- **SUPPLIED MATERIAL**:
◇ ◇ ◇

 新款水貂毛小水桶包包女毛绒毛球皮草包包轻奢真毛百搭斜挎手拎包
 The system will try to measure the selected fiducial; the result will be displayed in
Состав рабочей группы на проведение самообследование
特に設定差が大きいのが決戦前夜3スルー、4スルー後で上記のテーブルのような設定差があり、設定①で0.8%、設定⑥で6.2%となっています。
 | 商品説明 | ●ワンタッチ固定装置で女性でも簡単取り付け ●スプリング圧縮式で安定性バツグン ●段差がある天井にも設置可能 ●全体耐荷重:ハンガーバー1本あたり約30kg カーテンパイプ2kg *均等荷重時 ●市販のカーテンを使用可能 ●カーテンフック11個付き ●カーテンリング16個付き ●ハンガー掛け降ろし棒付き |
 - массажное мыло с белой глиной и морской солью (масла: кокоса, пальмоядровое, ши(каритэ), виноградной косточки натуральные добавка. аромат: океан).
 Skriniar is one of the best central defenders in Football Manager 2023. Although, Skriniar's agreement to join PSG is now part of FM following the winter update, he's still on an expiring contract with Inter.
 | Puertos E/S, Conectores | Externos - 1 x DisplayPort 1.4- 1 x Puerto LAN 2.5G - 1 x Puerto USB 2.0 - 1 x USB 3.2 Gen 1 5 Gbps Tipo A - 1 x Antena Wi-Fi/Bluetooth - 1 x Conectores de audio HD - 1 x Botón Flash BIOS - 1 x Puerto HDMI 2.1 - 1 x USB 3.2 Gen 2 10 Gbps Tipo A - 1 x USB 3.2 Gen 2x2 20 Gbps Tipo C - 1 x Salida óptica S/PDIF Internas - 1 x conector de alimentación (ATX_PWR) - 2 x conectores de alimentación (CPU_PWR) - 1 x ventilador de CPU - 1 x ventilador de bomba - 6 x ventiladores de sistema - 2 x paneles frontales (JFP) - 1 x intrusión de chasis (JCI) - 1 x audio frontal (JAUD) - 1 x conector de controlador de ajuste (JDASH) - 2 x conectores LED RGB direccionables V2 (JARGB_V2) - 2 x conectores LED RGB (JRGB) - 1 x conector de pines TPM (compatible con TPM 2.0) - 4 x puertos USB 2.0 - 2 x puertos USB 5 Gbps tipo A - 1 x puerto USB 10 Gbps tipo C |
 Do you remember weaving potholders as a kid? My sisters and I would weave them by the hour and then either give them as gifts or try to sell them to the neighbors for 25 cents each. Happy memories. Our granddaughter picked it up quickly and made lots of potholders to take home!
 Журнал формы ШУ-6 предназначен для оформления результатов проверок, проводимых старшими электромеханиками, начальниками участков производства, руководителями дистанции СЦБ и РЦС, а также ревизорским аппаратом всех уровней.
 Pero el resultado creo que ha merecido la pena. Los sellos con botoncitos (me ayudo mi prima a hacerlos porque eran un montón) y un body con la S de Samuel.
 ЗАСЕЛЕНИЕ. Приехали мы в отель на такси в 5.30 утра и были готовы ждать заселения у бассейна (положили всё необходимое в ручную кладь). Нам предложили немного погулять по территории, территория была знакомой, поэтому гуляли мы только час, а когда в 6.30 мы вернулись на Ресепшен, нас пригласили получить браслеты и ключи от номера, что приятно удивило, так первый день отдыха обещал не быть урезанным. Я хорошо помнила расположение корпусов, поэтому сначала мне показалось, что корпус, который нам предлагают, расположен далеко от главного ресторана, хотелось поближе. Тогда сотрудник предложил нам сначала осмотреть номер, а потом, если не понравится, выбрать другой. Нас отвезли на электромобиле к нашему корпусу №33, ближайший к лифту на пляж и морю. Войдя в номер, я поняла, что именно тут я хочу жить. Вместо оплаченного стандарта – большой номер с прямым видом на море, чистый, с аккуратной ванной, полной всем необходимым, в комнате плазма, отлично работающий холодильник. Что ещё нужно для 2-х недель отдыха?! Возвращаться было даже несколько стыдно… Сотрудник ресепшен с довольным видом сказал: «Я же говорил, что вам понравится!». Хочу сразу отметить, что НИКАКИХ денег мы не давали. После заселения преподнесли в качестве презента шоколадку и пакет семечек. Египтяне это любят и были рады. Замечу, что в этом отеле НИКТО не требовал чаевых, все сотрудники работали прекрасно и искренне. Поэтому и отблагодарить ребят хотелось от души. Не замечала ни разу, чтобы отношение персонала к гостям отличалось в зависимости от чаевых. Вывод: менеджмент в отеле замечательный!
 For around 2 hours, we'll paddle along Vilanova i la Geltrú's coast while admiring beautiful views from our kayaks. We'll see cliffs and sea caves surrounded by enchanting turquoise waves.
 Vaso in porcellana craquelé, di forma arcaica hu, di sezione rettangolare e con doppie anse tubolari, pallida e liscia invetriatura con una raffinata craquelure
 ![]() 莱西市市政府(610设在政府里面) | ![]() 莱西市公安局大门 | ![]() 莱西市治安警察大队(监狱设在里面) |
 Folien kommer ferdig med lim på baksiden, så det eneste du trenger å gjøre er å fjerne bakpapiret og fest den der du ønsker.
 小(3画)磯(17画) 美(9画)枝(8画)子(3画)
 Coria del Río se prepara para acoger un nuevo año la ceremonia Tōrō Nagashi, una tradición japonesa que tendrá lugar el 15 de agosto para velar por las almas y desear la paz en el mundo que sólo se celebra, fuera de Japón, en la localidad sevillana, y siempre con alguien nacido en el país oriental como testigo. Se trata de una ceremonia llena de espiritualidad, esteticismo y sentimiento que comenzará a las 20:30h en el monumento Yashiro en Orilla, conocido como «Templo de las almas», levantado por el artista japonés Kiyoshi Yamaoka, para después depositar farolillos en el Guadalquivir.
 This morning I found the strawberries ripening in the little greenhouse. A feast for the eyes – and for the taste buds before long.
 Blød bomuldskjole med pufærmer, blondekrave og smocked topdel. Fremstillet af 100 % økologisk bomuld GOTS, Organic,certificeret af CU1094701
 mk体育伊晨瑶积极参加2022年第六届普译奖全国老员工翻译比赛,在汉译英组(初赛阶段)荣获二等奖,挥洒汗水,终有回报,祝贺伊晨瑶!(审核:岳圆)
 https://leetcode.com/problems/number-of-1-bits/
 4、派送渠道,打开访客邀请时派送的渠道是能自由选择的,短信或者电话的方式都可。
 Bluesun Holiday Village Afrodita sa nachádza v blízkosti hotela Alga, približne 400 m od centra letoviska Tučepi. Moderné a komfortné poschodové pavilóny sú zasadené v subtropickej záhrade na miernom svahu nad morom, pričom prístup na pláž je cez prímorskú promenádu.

◇ ◇ ◇

- **TASK INSTRUCTIONS**: All of the entries above need to be printed again exactly.

- **ANSWER BELOW**:
 新款水貂毛小水桶包包女毛绒毛球皮草包包轻奢真毛百搭斜挎手拎包
 The system will try to measure the selected fiducial; the result will be displayed in
Состав рабочей группы на проведение самообследование
特に設定差が大きいのが決戦前夜3スルー、4スルー後で上記のテーブルのような設定差があり、設定①で0.8%、設定⑥で6.2%となっています。
 | 商品説明 | ●ワンタッチ固定装置で女性でも簡単取り付け ●スプリング圧縮式で安定性バツグン ●段差がある天井にも設置可能 ●全体耐荷重:ハンガーバー1本あたり約30kg カーテンパイプ2kg *均等荷重時 ●市販のカーテンを使用可能 ●カーテンフック11個付き ●カーテンリング16個付き ●ハンガー掛け降ろし棒付き |
 - массажное мыло с белой глиной и морской солью (масла: кокоса, пальмоядровое, ши(каритэ), виноградной косточки натуральные добавка. аромат: океан).
 Skriniar is one of the best central defenders in Football Manager 2023. Although, Skriniar's agreement to join PSG is now part of FM following the winter update, he's still on an expiring contract with Inter.
 | Puertos E/S, Conectores | Externos - 1 x DisplayPort 1.4- 1 x Puerto LAN 2.5G - 1 x Puerto USB 2.0 - 1 x USB 3.2 Gen 1 5 Gbps Tipo A - 1 x Antena Wi-Fi/Bluetooth - 1 x Conectores de audio HD - 1 x Botón Flash BIOS - 1 x Puerto HDMI 2.1 - 1 x USB 3.2 Gen 2 10 Gbps Tipo A - 1 x USB 3.2 Gen 2x2 20 Gbps Tipo C - 1 x Salida óptica S/PDIF Internas - 1 x conector de alimentación (ATX_PWR) - 2 x conectores de alimentación (CPU_PWR) - 1 x ventilador de CPU - 1 x ventilador de bomba - 6 x ventiladores de sistema - 2 x paneles frontales (JFP) - 1 x intrusión de chasis (JCI) - 1 x audio frontal (JAUD) - 1 x conector de controlador de ajuste (JDASH) - 2 x conectores LED RGB direccionables V2 (JARGB_V2) - 2 x conectores LED RGB (JRGB) - 1 x conector de pines TPM (compatible con TPM 2.0) - 4 x puertos USB 2.0 - 2 x puertos USB 5 Gbps tipo A - 1 x puerto USB 10 Gbps tipo C |
 Do you remember weaving potholders as a kid? My sisters and I would weave them by the hour and then either give them as gifts or try to sell them to the neighbors for 25 cents each. Happy memories. Our granddaughter picked it up quickly and made lots of potholders to take home!
 Журнал формы ШУ-6 предназначен для оформления результатов проверок, проводимых старшими электромеханиками, начальниками участков производства, руководителями дистанции СЦБ и РЦС, а также ревизорским аппаратом всех уровней.
 Pero el resultado creo que ha merecido la pena. Los sellos con botoncitos (me ayudo mi prima a hacerlos porque eran un montón) y un body con la S de Samuel.
 ЗАСЕЛЕНИЕ. Приехали мы в отель на такси в 5.30 утра и были готовы ждать заселения у бассейна (положили всё необходимое в ручную кладь). Нам предложили немного погулять по территории, территория была знакомой, поэтому гуляли мы только час, а когда в 6.30 мы вернулись на Ресепшен, нас пригласили получить браслеты и ключи от номера, что приятно удивило, так первый день отдыха обещал не быть урезанным. Я хорошо помнила расположение корпусов, поэтому сначала мне показалось, что корпус, который нам предлагают, расположен далеко от главного ресторана, хотелось поближе. Тогда сотрудник предложил нам сначала осмотреть номер, а потом, если не понравится, выбрать другой. Нас отвезли на электромобиле к нашему корпусу №33, ближайший к лифту на пляж и морю. Войдя в номер, я поняла, что именно тут я хочу жить. Вместо оплаченного стандарта – большой номер с прямым видом на море, чистый, с аккуратной ванной, полной всем необходимым, в комнате плазма, отлично работающий холодильник. Что ещё нужно для 2-х недель отдыха?! Возвращаться было даже несколько стыдно… Сотрудник ресепшен с довольным видом сказал: «Я же говорил, что вам понравится!». Хочу сразу отметить, что НИКАКИХ денег мы не давали. После заселения преподнесли в качестве презента шоколадку и пакет семечек. Египтяне это любят и были рады. Замечу, что в этом отеле НИКТО не требовал чаевых, все сотрудники работали прекрасно и искренне. Поэтому и отблагодарить ребят хотелось от души. Не замечала ни разу, чтобы отношение персонала к гостям отличалось в зависимости от чаевых. Вывод: менеджмент в отеле замечательный!
 For around 2 hours, we'll paddle along Vilanova i la Geltrú's coast while admiring beautiful views from our kayaks. We'll see cliffs and sea caves surrounded by enchanting turquoise waves.
 Vaso in porcellana craquelé, di forma arcaica hu, di sezione rettangolare e con doppie anse tubolari, pallida e liscia invetriatura con una raffinata craquelure
 ![]() 莱西市市政府(610设在政府里面) | ![]() 莱西市公安局大门 | ![]() 莱西市治安警察大队(监狱设在里面) |
 Folien kommer ferdig med lim på baksiden, så det eneste du trenger å gjøre er å fjerne bakpapiret og fest den der du ønsker.
 小(3画)磯(17画) 美(9画)枝(8画)子(3画)
 Coria del Río se prepara para acoger un nuevo año la ceremonia Tōrō Nagashi, una tradición japonesa que tendrá lugar el 15 de agosto para velar por las almas y desear la paz en el mundo que sólo se celebra, fuera de Japón, en la localidad sevillana, y siempre con alguien nacido en el país oriental como testigo. Se trata de una ceremonia llena de espiritualidad, esteticismo y sentimiento que comenzará a las 20:30h en el monumento Yashiro en Orilla, conocido como «Templo de las almas», levantado por el artista japonés Kiyoshi Yamaoka, para después depositar farolillos en el Guadalquivir.
 This morning I found the strawberries ripening in the little greenhouse. A feast for the eyes – and for the taste buds before long.
 Blød bomuldskjole med pufærmer, blondekrave og smocked topdel. Fremstillet af 100 % økologisk bomuld GOTS, Organic,certificeret af CU1094701
 mk体育伊晨瑶积极参加2022年第六届普译奖全国老员工翻译比赛,在汉译英组(初赛阶段)荣获二等奖,挥洒汗水,终有回报,祝贺伊晨瑶!(审核:岳圆)
 https://leetcode.com/problems/number-of-1-bits/
 4、派送渠道,打开访客邀请时派送的渠道是能自由选择的,短信或者电话的方式都可。
 Bluesun Holiday Village Afrodita sa nachádza v blízkosti hotela Alga, približne 400 m od centra letoviska Tučepi. Moderné a komfortné poschodové pavilóny sú zasadené v subtropickej záhrade na miernom svahu nad morom, pričom prístup na pláž je cez prímorskú promenádu.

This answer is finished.